Mequon, WI -- 19 years ago, a man just outside Milwaukee looked out at a square mile of farmland, and decided it needed to change.
With a purchase and donation, a unique, 150-year transformation project began, called Mequon Nature Preserve.
Now well-underway, conservationists will spend the next century-plus returning hundreds of acres to the forest, prairie and wetland it was in the early 1800's.
It's an incredibly difficult task, made even tougher by an almost constant battle with invasive plants sprouting all over the chunk of land.
But staff at the preserve have a new tool to help fight the pesky plants.
A tool with four legs and a powerful nose.
There's nothing new about a dog being used for hunting in the State of Wisconsin.
What is new is a dog in Wisconsin, hunting invasive species.
Enter Tilia -- a 3-year-old Chocolate Lab, who has a rare job title. Conservation dog.
"I get to work with her, which is a joy," said Cory Gritzmacher.
Cory Gritzmacher is Tilia's nature preserve partner in crime. The two have spent a lot of time together, training, and now suiting up and searching.
"She has this vest on so she knows she's going to work" said Gritzmacher.
Going to work means finding tiny plants in a giant plot of land. Something that would otherwise take a ton of time, requiring a lot of manpower.
"Currently she's trained on Wild Parsnip and Garlic Mustard. Those are two hard-to-control invasive species that can be hard to find." "Her cue to us is a pretty passive approach, I refer to it as a look. She'll turn around and pause and look at me and say 'hey its right here, pay me I want a reward'. She's doing it for food. That's what motivates her," said Gritzmacher.

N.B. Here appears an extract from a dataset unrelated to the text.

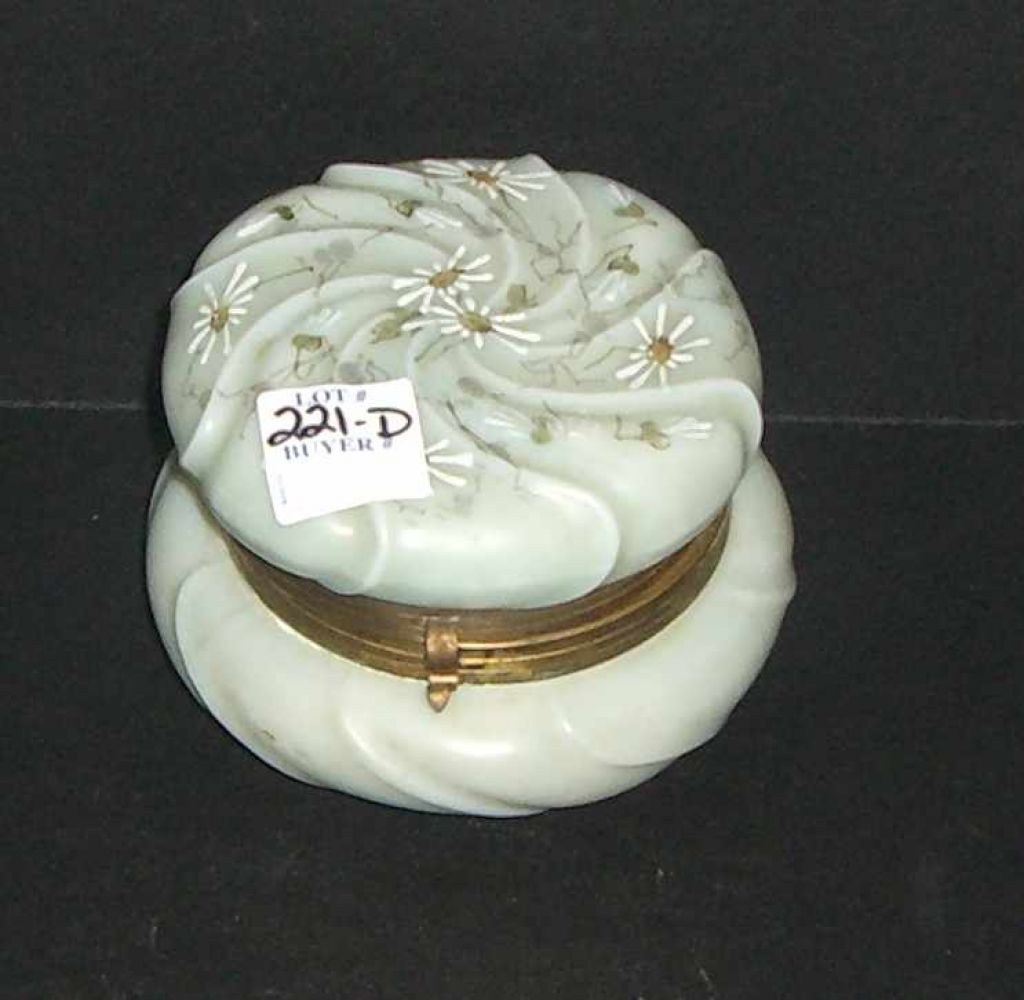 Hinged Wave Crest powder box - 4" round by 3" tall Hinged Wave Crest powder box - 4" round by 3" tall

But the job doesn't end there for Tilia. When she's not hunting, she's teaching.
Gritzmacher takes Tilia to schools, to help kids learn about the importance of conservation.

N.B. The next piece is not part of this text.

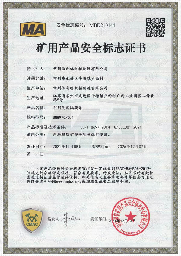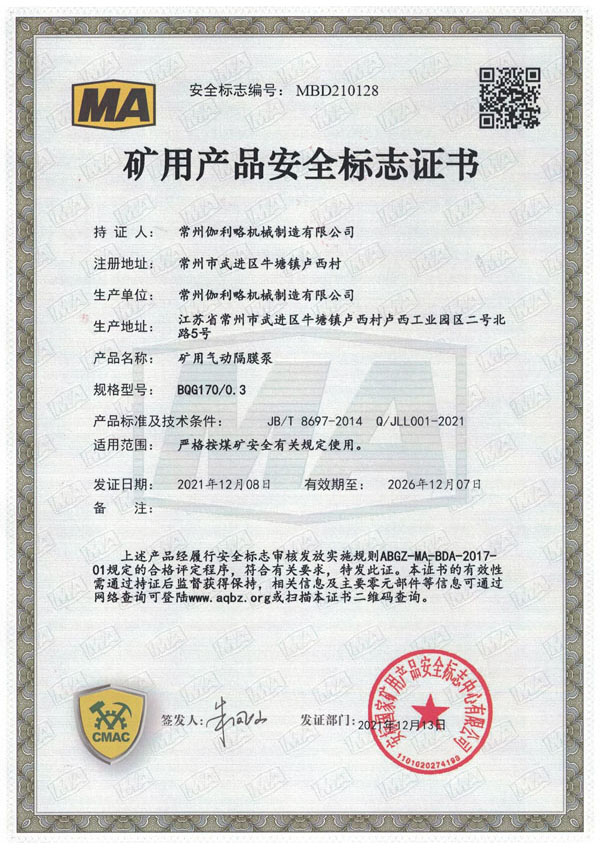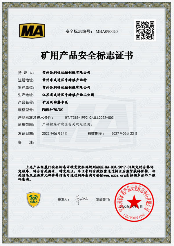 • 礦用安全標(biāo)志證書-BQG170/0.3

The pooch even has her own Instagram account with a pretty sizable following.
"She's kind of the Smokey Bear of the conservation world," said Gritzmacher. "Smokey was all about preventing forest fires, and we're using Tilia to talk about invasive species removal."
Tilia serving is several roles. Conservation ambassador, man's best friend and invasive species worst nightmare.
Tilia is the first ever on-staff Conservation Dog in the state of Wisconsin. And she's just getting started.
They plan to train her to sniff out even more invasives.
As for Mequon Nature Preserve, it's a non-profit that continues to receive funding through donations and grants.
So far, they've planted more than 10,000 native trees and shrubs.